En un giro sorpresivo y poco habitual, la Comisión Disciplinaria de la FIFA decidió suspender de forma cautelar la tarjeta roja y la sanción de un partido impuesta al delantero estadounidense Folarin Balogun. Esto permite que el jugador del Mónaco esté disponible para el partido de octavos de final del Mundial 2026 contra Bélgica.
Balogun, figura de Estados Unidos, había marcado un gol justo antes de la expulsión y su suspensión por un partido era automática, sin apelación posible. Sin embargo, la FIFA optó por suspender la sanción y el atacante podrá jugar ante Bélgica.
Una medida inusual, especialmente porque la selección estadounidense no había presentado una apelación formal.
Trump agradeció a la FIFA
El propio presidente Donald Trump celebró públicamente la decisión y a través de su plataforma Truth Social, escribió: “Thank you to Fifa for doing what was right, and reversing a great injustice!” (¡Gracias a la FIFA por hacer lo correcto y revertir una gran injusticia!).

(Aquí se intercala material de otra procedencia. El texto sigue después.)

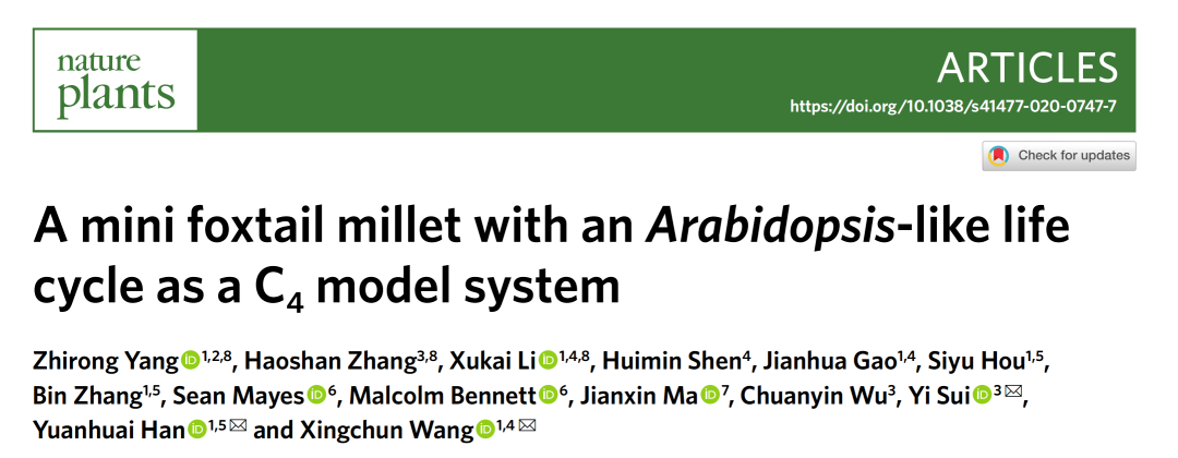 2020年8月31日,山西農(nóng)業(yè)大學(xué)雜糧分子育種團隊與中國農(nóng)業(yè)科學(xué)院作物科學(xué)研究所等單位合作研究論文“A mini-foxtail millet with an Arabidopsis-like life cycle as a C4 model system”在線發(fā)表于國際期刊Nature Plants(IF:13.256),報道了C4禾谷類研究的理想模式植物“小米”的研究成果。山西農(nóng)業(yè)大學(xué)的楊致榮教授、中國農(nóng)業(yè)科學(xué)院作物科學(xué)研究所的張皓珊博士和山西農(nóng)業(yè)大學(xué)的李旭凱副教授為論文的共同第一作者;山西農(nóng)業(yè)大學(xué)的王興春教授、韓淵懷教授和中國農(nóng)業(yè)科學(xué)院作物科學(xué)研究所的隋毅副研究員為論文的共同通訊作者。美國普渡大學(xué)和英國諾丁漢大學(xué)等單位參與了部分研究。百邁客有幸參與了其中基因組、轉(zhuǎn)錄組及數(shù)據(jù)庫構(gòu)建工作。目前,數(shù)據(jù)庫由百邁客負(fù)責(zé)維護和運行,暫時托管在公司服務(wù)器(http://foxtail-millet.biocloud.net/home)。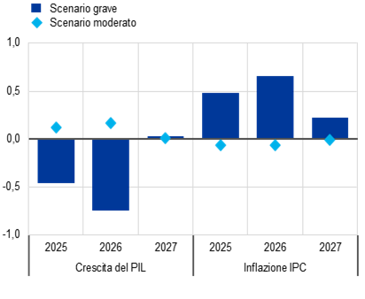 Al fine di illustrare i rischi connessi alle politiche tariffarie statunitensi e all’attuale elevata incertezza circa le prospettive economiche dell’area dell’euro, sono stati elaborati due scenari. Uno scenario moderato prevede la rimozione delle tariffe bilaterali tra gli Stati Uniti e l’UE (“zero per zero” tariffe) e una rapida riduzione dell’incertezza delle politiche commerciali ai livelli anteriori al 2018. In tale scenario, la crescita sarebbe più forte di 0,3-0,4 punti percentuali nel periodo 2025-2026 rispetto allo scenario di base, mentre l’inflazione sarebbe lievemente più elevata nel 2026-2027. Uno scenario grave prevede invece un ulteriore aumento generalizzato dei dazi statunitensi (in linea con l’annuncio dei cosiddetti dazi “reciproci” negli Stati Uniti), ritorsioni simmetriche da parte dell’UE e una sempre più elevata incertezza delle politiche commerciali. In tale scenario, le prospettive di crescita sarebbero considerevolmente più deboli sull’intero periodo di proiezione, mentre l’inflazione risulterebbe inferiore, soprattutto più avanti nell’orizzonte di riferimento. Tali scenari sono illustrati in dettaglio nel riquadro 2.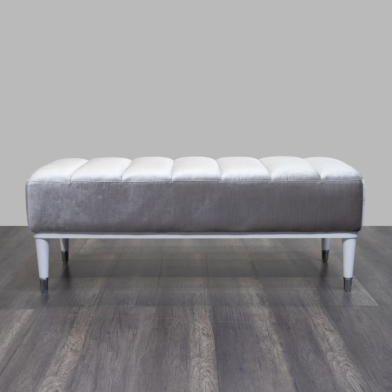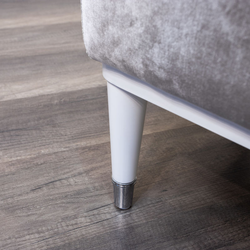 Банкетка, отделка белый глянцевый лак, ткань серебристо-серый велюр

Previamente, los hinchas estadounidenses y la prensa habían pedido irónicamente que Trump intervenga como anfitrión del Mundial y aprovechando su vínculo cercano con el presidente de la FIFA, Gianni Infantino.
En ese sentido, el periodista inglés Ben Jacobs publicó que Infantino recibió una llamada directa de la Casa Blanca para revocar la tarjeta roja
Alivio en Estados Unidos y polémica en el Mundial 2026
La resolución de la FIFA es un gran alivio para Mauricio Pochettino y la selección estadounidense, ya que Balogun, quien había expresado que la expulsión era injusta, es una de sus piezas clave.
Mientras tanto, se ha generado un fuerte debate sobre las decisiones arbitrales, la consistencia de la FIFA y la influencia del Mundial en el contexto político y social de Estados Unidos.